# Titanic with random forests

Looking at the [titanic](https://www.kaggle.com/competitions/titanic) kaggle competition using random forests.

## Data

In [1]:
from fastai.imports import *

frames = pd.read_csv("data/titanic/train.csv")
test_frames = pd.read_csv("data/titanic/test.csv")
modes = frames.mode().iloc[0]

In [2]:
# Split frames into train and validation
from numpy import random
from sklearn.model_selection import train_test_split

random.seed(42)
train_frames, val_frames = train_test_split(frames, test_size=0.25)

In [3]:
# Lets list our different variables and how we will treat them

cats = ["Sex", "Embarked"]  # Categorical
conts = ["Age", "SibSp", "Parch", "LogFare", "Pclass"]  # Continuous, node Pclass is in here
dep = "Survived"  # Dependent

In [4]:
# Process the data
# Random forests dont need dummy variables so we convert them to pandas categorical vars
# This is just a number with a lookup back to the string, we then use that the replace the numbers


def process_data(frames):
    frames["Fare"] = frames.Fare.fillna(0)
    frames.fillna(modes, inplace=True)
    frames["LogFare"] = np.log1p(frames.Fare)
    frames["Embarked"] = pd.Categorical(frames.Embarked)
    frames["Sex"] = pd.Categorical(frames.Sex)

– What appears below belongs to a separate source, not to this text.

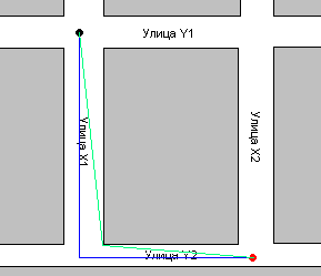 Y2, а потом идти по улице X2 до Y2. Т.е. вам нужно пройти сначала 400 метров, а потом еще 300 метров, итого 700 метров. Эта метрика называется Манхеттеновой (в честь района города Нью-Йорк Манхеттен).

    frames[cats] = frames[cats].apply(lambda x: x.cat.codes)


process_data(train_frames)
process_data(val_frames)
process_data(test_frames)

train_frames.head()

Unnamed: 0,PassengerId,Survived,Pclass,Name,Sex,Age,SibSp,Parch,Ticket,Fare,Cabin,Embarked,LogFare
298,299,1,1,"Saalfeld, Mr. Adolphe",1,24.0,0,0,19988,30.5,C106,2,3.449988
884,885,0,3,"Sutehall, Mr. Henry Jr",1,25.0,0,0,SOTON/OQ 392076,7.05,B96 B98,2,2.085672
247,248,1,2,"Hamalainen, Mrs. William (Anna)",0,24.0,0,2,250649,14.5,B96 B98,2,2.74084
478,479,0,3,"Karlsson, Mr. Nils August",1,22.0,0,0,350060,7.5208,B96 B98,2,2.14251
305,306,1,1,"Allison, Master. Hudson Trevor",1,0.92,1,2,113781,151.55,C22 C26,2,5.027492


## Binary splits

Random forests are build from decision trees, to make a decision tree we need to create a binary split.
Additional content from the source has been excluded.